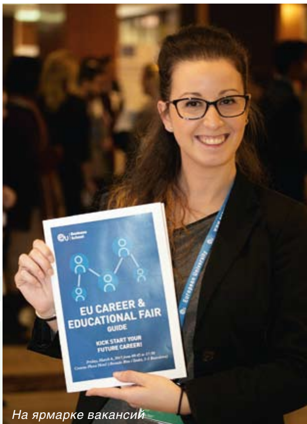
На ярмарке вакансий

выпускников не возникает проблем с трудоустройством, тем более, что карьерная служба EU оказывает им в этом вопросе реальную помощь в виде выдачи рекомендаций, оптимального подбора вакансий в специальных центрах планирования карьеры. Кроме того, ежегодно EU организует ярмарки вакансий, где студенты и выпускники могут пройти собеседование во всемирно известных рекрутинговых компаниях.
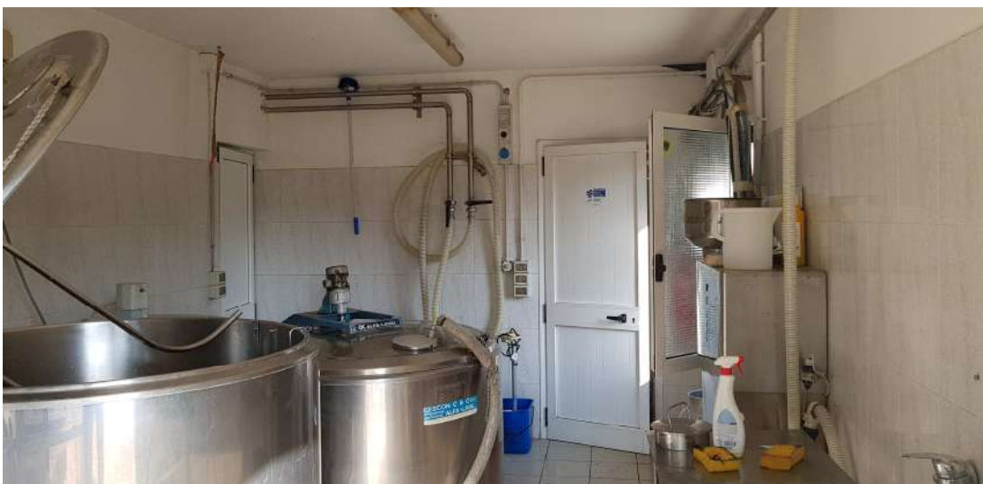
Fabbricato D - locali accessori lavorazione del latte
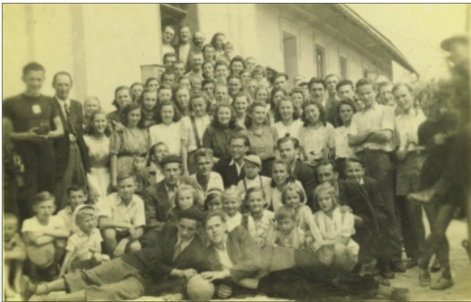
Návštěva kmotrů z Agrostroje Jičín v roce 1946 před hostincem Bílý Anděl v Suchých Lazcích.
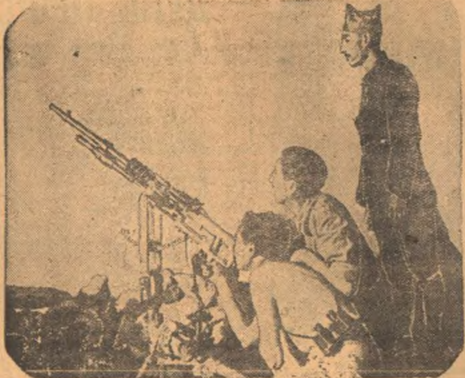
На снимке: передовой пост правительственных войск у зенитного пулемета на фронте Гвадаррама.
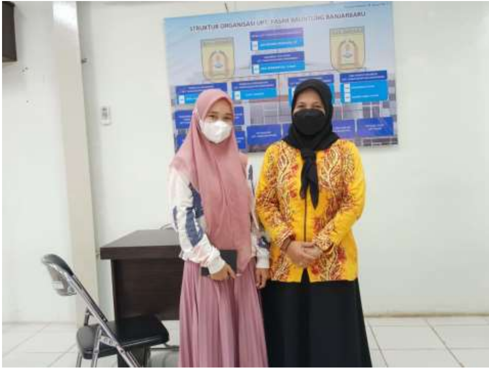
Observasi ke Kantor UPT. Pasar Bauntung Banjarbaru
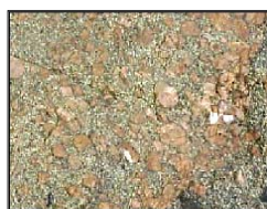
ENXAMES DE MEGACRISTAIS
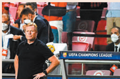
●朗奴高文甚感無奈。
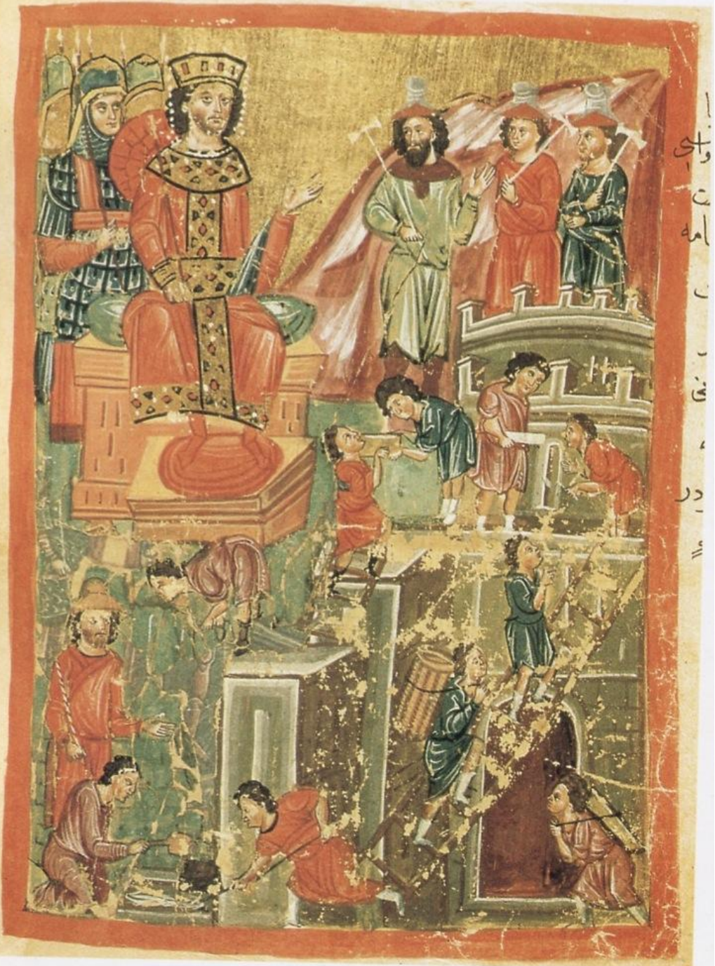
Ο Αλέξανδρος κτίζει την Αλεξάνδρεια. Εικονογραφημένο χειρόγραφο Μυθιστορήματος του Αλεξάνδρου. 14 ος αι. Ελληνικό Ινστιτούτο Βενετίας.

******

- **Problem details**: What is needed is the whole listing again, exactly as written, with the images left out.

- **Reply to the exercise**:
На ярмарке вакансий

выпускников не возникает проблем с трудоустройством, тем более, что карьерная служба EU оказывает им в этом вопросе реальную помощь в виде выдачи рекомендаций, оптимального подбора вакансий в специальных центрах планирования карьеры. Кроме того, ежегодно EU организует ярмарки вакансий, где студенты и выпускники могут пройти собеседование во всемирно известных рекрутинговых компаниях.
Fabbricato D - locali accessori lavorazione del latte
Návštěva kmotrů z Agrostroje Jičín v roce 1946 před hostincem Bílý Anděl v Suchých Lazcích.
На снимке: передовой пост правительственных войск у зенитного пулемета на фронте Гвадаррама.
Observasi ke Kantor UPT. Pasar Bauntung Banjarbaru
ENXAMES DE MEGACRISTAIS
●朗奴高文甚感無奈。
Ο Αλέξανδρος κτίζει την Αλεξάνδρεια. Εικονογραφημένο χειρόγραφο Μυθιστορήματος του Αλεξάνδρου. 14 ος αι. Ελληνικό Ινστιτούτο Βενετίας.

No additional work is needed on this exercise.